За окном промелькнуло здание концерна «Лукойл» с освещенным квадратиком летнего кафе перед фасадом. Кое-кто еще не находил в себе сил расстаться со вчерашним днем, засидевшись допоздна под большими зонтиками на скрипучих пластиковых стульях. Отдаленные бессвязные реплики хвостами вялых воздушных змеев впорхнули в приоткрытое окно машины и вдруг, обретя неистовую силу центробежности, унеслись прочь.
– У светофора налево, – бросила я водителю. Мы свернули на Советскую улицу.

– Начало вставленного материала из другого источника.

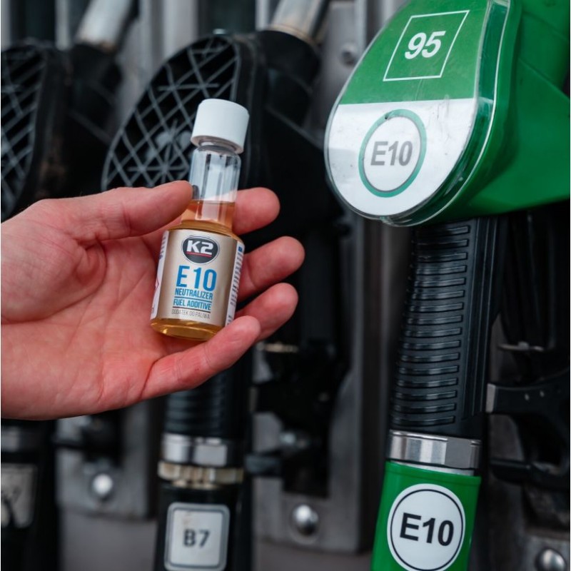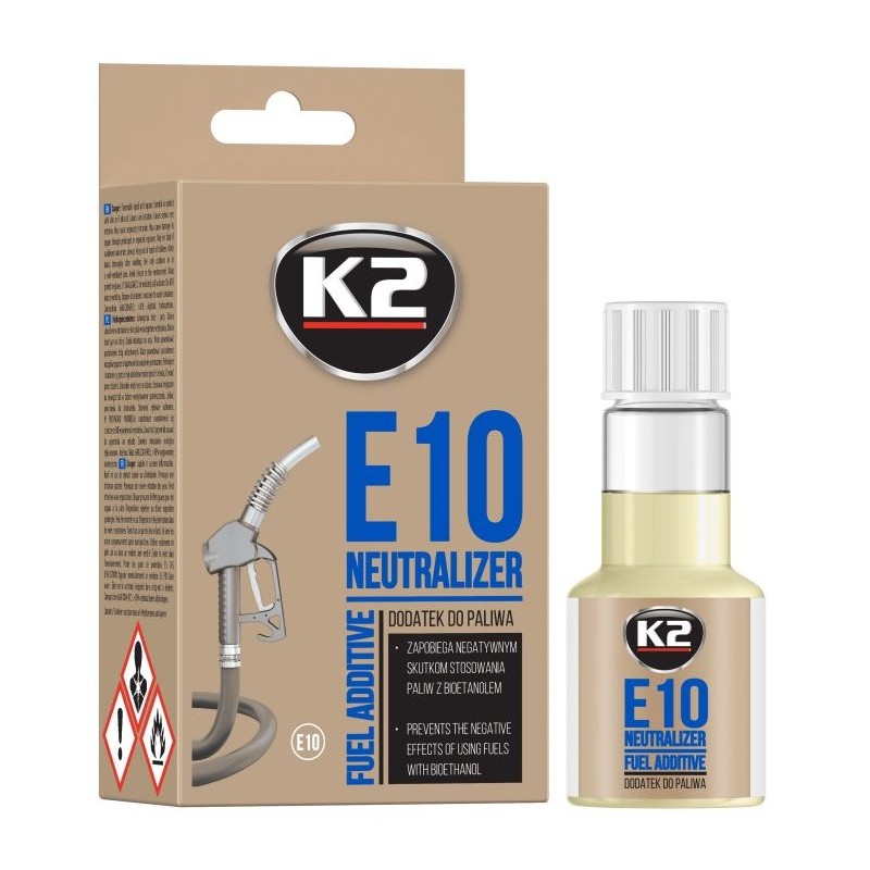 Dodatek do paliwa K2 E10 Neutralizer 50ml poprawia jakość paliwa, zmniejsza negatywne skutki stosowania paliw zawierających bioetanol (np. E10). Zaprojektowany w celu zrekompensowania obniżonej jakości na skutek szybszego starzenia się paliwa, za sprawą dodania do 10% etanolu. Używany podczas każdego tankowania stabilizuje paliwo, czyści i chroni układ paliwowy przed korozją powodowaną przez bioetanol, zapewnia ochronę gniazd zaworów i wzrost liczby oktanowej.

А теперь нужно убедить его подождать меня у дома, пока я не вынесу гонорар, а с другой стороны, ему ничего не оставалось делать, как согласиться на мое предложение, – предоплаты он не потребовал.
После недолгого препирательства я уговорила его подождать минут десять. Въехав в темный двор, машина остановилась у Светкиного подъезда. Я вбежала на третий этаж и, переведя дыхание, нажала на кнопку звонка. Приготовилась ждать, но дверь открылась неожиданно быстро.
Махровый халат, полотенце, свернутое чалмой, из-под которого выбивались непослушные мокрые пряди русых волос и приятно порозовевшее лицо, не оставляли сомнений в том, что Светке удалось осуществить искушавшее меня весь вечер желание – растянуться в горячей ванне.
– Светик, выручай, – не дав ей опомниться, выпалила я, – у меня внизу машина, потом расскажу, короче, нужен полтинник до завтра, сейчас отпущу человека и поднимусь к тебе, ты спать не собираешься?
Весьма наглый и риторический вопрос, ведь все указывало на то, что она как раз хотела попасть в объятия Морфея.
– Да ты себя-то видела, – Светка испуганно смотрела на меня, – что с тобой?
– Все нормально, Свет, потом, потом расскажу. Давай деньги.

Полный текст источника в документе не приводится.